Atelier Annie: Alchemists of Sera Island

atelierannie
What we liked:
+ Colorful graphics
+ Nice whimsical score
+ Alchemy micromanagement
+ Multiple endings
What we didn't like:
- Terrible main lead
- Tons of bad dialogue
- Time urgency may turn some off
- Alchemy can be confusing
- Battle system is very plain
Rating
6.8
DEVELOPER: Gust   |   PUBLISHER: NIS America   |   RELEASE: 10/27/2009

Will you shut up, Annie!!!

I have found that over the past several years, the RPG genre has evolved and how should I say it, crossbred with other genres of games. We live in an age where the First Person Shooter RPG is a reality, among the advent of Diablo-type loot gathering games. It really does seem that RPGs are kind of like the new peanut butter in the world of gaming, always adding that (one more level) mentality. Granted some RPG hybrids are complete crap and should never be experienced by any decent gamer and some just take some time before you warm up to them. Atelier Annie: Alchemists of Sera Island is one of those games that some people will love from the get-go and some people will hate with a steaming passion.

Atelier Annie is a simulator RPG for the Nintendo DS, and I must admit that I hated the game the first few hours that I spent with it, but something happened. Over time I warmed up to it and now think that it is a nice change of pace from your average portable RPG.

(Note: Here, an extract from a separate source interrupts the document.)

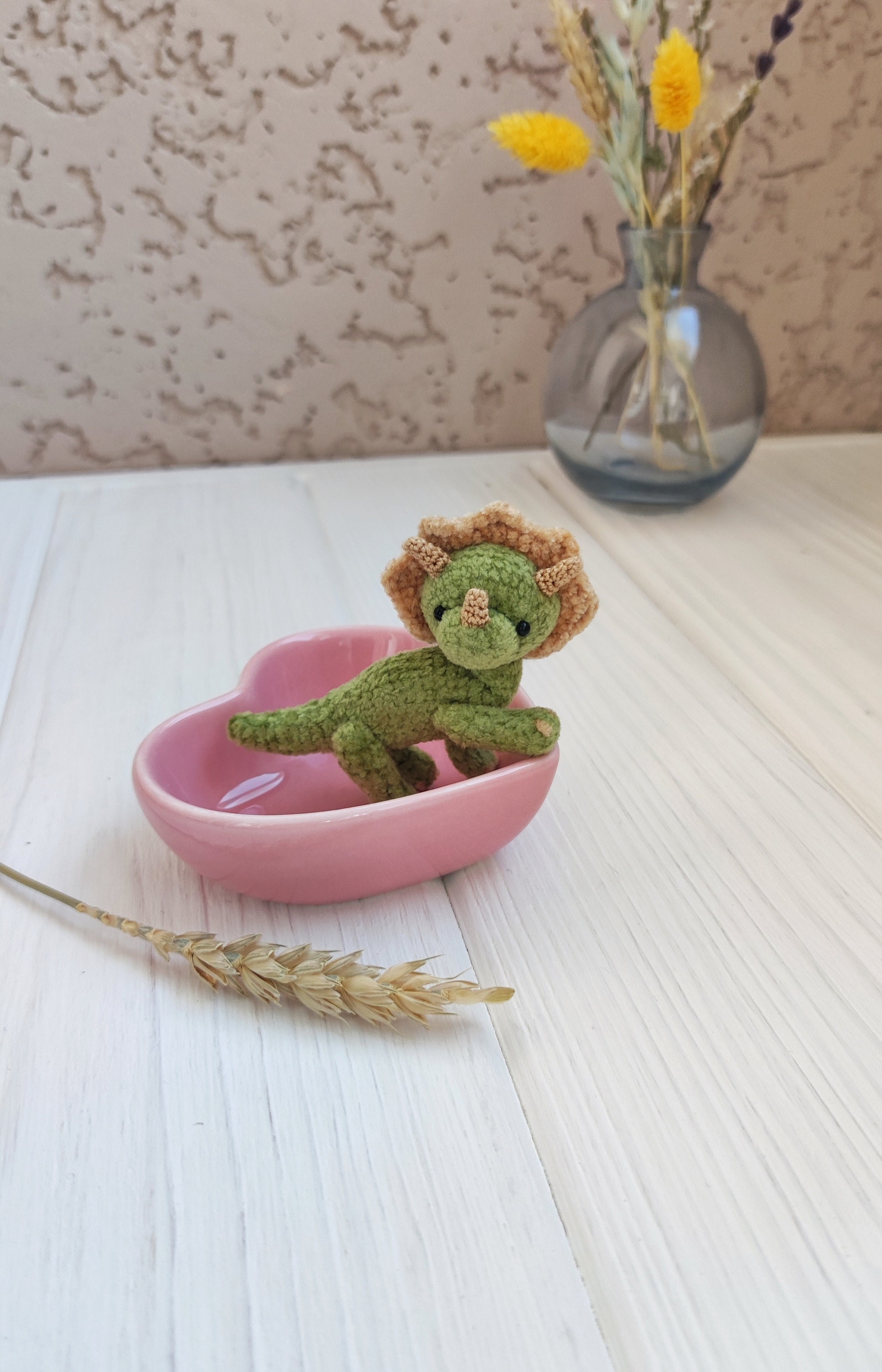 Statuetta di peluche di triceratopo in miniatura da collezione. Sim...

The story of Atelier Annie begins with a comic book style introduction of the main character with a deep male Japanese voiceover depicting a very lazy girl who sleeps all day and only dreams of getting married and having lots of money. Due to her lack of motivation, Annie’s grandfather (a master alchemist) decides to send her on a trip to place called Sera Island and put her to work on the creation of a resort paradise. Of course Annie herself does not know anything about the move, even as some pint sized creatures basically kidnap her (with her bed) as she is still sleeping. Annie wakes up on the island and we are introduced to the fairy, Pepe who is quickly established as Annie’s master of alchemy arts. Pepe basically explains that the island resort project is a three year plan and that the construction of this project is mainly contributed to alchemist who have the ability to create materials and structures at well.

At first, Annie is reluctant to do as much as lift a finger, however, the king of the island creates a contest. The king says that who ever can achieve the greatest accomplishments in the building project will have his son’s or daughter’s hand in marriage. Needless to say, Annie’s quest for the hand of the prince and a life of riches and future laziness has begun.

I must make this point; I really do not like the character of Annie. She is what you would have if Sailor Moon and Jar Jar Binks had a child. Her dumb dialogue is so bad that I felt my own IQ dropping with each second of reading the endless complaints and overly joyful comments. Annie’s stupid dialogue makes Kratos from God of War seem like Shakespeare in comparison.

Despite my dislike of the main character, the game is a good execution in experimentation. The game takes place over a three year time span; however, those three years fly by. You receive your alchemy workshop in the very beginning of the game, and you are given assignments for the construction of the island resort.

These assignments may involve you obtaining alchemy recipe books which you use to create objects or structures with. However, before you can demonstrate your synthesis skills you must first go outside of the major town to the gathering points in the wild. While you are collecting lots of loot that’s just laying on the ground you will get attacked from a group of monsters.

The battle system in Atelier Annie is you typical turn based RPG with a minimal (but colorful) level of graphics. Your party fights on a three-by-two square grid against the opposing party, and you can have up to three people in your party. You fight the bad guys with weapons and skills, and you can also change your party formation on the grid by which and give you an offensive or defensive advantage (kind of like football). The loot that you will receive from the fallen enemies can also be taken advantage of by the alchemy arts.

When you are not battling creatures you are creating objects via the powers of alchemy. You will also be asked to do favors from time to time which can distract you from your main goal, however your overall fame will go up which will give you better scores on your projects. The game really does turn into a micro management game while you have to keep track of materials, recipes, and money for both spending and development projects.

While you are doing all of the said tasks, time is also flying by. Days will change as you walk in gathering spots and as you exit and enter the town. This time element gives the game a sense of urgency which may turn off a lot of people, however brave through the game you will find that you can make due and that you can still be successful to a degree. This brings me to another thing about this game, multiple endings.

Depending on how well you do in the overall scheme of the game, Atelier Annie will grant you with one of seven endings. You can actually get one of the endings by being a complete lazy ass so that even losers can win.

Atelier Annie is a strange game that could find a small but eccentric audience. With nice colorful graphics, a whimsical musical score, and the addition of alchemy; Atelier Annie just might be the stay off of the RPG path that you might be looking for, even if the lame ass dialogue gets on your nerves.